Among the entries below, only the lines from the one with "Αυτό είναι το" through the one with "2012年12月10日,习近" are to be retyped, exactly and without pictures.

**Task material**
▼
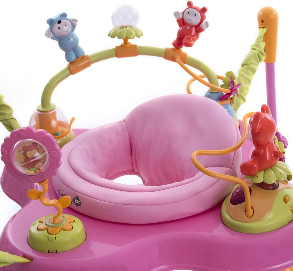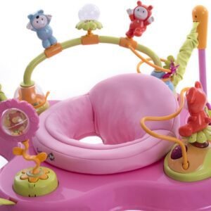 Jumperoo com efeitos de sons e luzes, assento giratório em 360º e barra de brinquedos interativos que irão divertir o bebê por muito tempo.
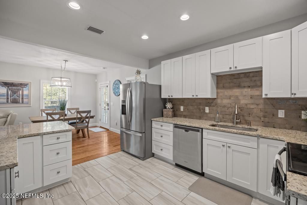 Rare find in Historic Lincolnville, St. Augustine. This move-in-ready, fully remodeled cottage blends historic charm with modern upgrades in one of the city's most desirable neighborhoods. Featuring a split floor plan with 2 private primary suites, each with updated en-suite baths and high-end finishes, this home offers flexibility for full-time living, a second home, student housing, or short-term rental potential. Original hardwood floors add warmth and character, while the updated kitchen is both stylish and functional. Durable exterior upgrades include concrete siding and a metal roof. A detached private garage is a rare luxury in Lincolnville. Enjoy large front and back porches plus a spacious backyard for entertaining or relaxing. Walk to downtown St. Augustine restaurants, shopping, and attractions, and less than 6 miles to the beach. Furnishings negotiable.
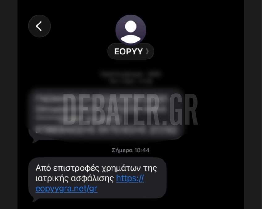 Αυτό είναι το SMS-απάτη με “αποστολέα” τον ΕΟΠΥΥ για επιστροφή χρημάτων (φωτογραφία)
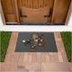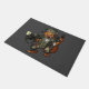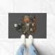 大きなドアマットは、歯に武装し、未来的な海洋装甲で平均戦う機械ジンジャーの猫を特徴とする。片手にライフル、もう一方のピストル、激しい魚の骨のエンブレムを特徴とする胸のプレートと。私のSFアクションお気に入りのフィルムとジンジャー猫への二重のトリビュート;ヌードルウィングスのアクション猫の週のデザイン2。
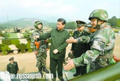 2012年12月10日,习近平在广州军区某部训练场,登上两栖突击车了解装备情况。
▲
▼
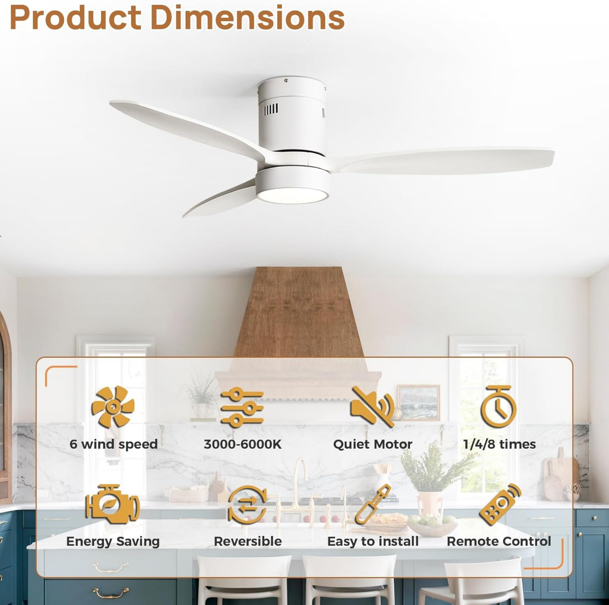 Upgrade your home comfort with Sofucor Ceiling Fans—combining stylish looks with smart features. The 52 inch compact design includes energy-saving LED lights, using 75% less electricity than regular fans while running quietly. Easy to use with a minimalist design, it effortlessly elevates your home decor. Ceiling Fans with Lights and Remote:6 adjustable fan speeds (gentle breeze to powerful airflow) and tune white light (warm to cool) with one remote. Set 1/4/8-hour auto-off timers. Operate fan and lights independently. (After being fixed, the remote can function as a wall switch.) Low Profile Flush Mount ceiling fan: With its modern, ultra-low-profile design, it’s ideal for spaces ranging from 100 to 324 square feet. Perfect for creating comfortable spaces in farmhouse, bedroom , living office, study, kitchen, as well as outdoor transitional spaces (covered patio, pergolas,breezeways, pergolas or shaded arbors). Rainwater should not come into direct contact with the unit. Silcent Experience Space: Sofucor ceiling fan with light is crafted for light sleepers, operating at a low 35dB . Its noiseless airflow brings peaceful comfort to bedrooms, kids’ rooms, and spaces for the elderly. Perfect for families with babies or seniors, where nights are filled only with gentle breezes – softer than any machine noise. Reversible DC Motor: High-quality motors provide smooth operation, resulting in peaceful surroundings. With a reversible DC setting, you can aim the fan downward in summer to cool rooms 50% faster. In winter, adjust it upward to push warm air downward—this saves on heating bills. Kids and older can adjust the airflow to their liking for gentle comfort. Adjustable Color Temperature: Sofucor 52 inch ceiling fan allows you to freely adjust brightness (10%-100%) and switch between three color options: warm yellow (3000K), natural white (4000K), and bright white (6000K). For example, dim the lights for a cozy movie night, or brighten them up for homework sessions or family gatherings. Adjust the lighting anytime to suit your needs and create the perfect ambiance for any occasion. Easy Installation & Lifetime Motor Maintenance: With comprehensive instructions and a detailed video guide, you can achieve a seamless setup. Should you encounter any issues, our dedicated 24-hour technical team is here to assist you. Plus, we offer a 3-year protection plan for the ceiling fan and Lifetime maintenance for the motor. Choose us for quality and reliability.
▲
**Solution**
 Αυτό είναι το SMS-απάτη με “αποστολέα” τον ΕΟΠΥΥ για επιστροφή χρημάτων (φωτογραφία)
 大きなドアマットは、歯に武装し、未来的な海洋装甲で平均戦う機械ジンジャーの猫を特徴とする。片手にライフル、もう一方のピストル、激しい魚の骨のエンブレムを特徴とする胸のプレートと。私のSFアクションお気に入りのフィルムとジンジャー猫への二重のトリビュート;ヌードルウィングスのアクション猫の週のデザイン2。
 2012年12月10日,习近平在广州军区某部训练场,登上两栖突击车了解装备情况。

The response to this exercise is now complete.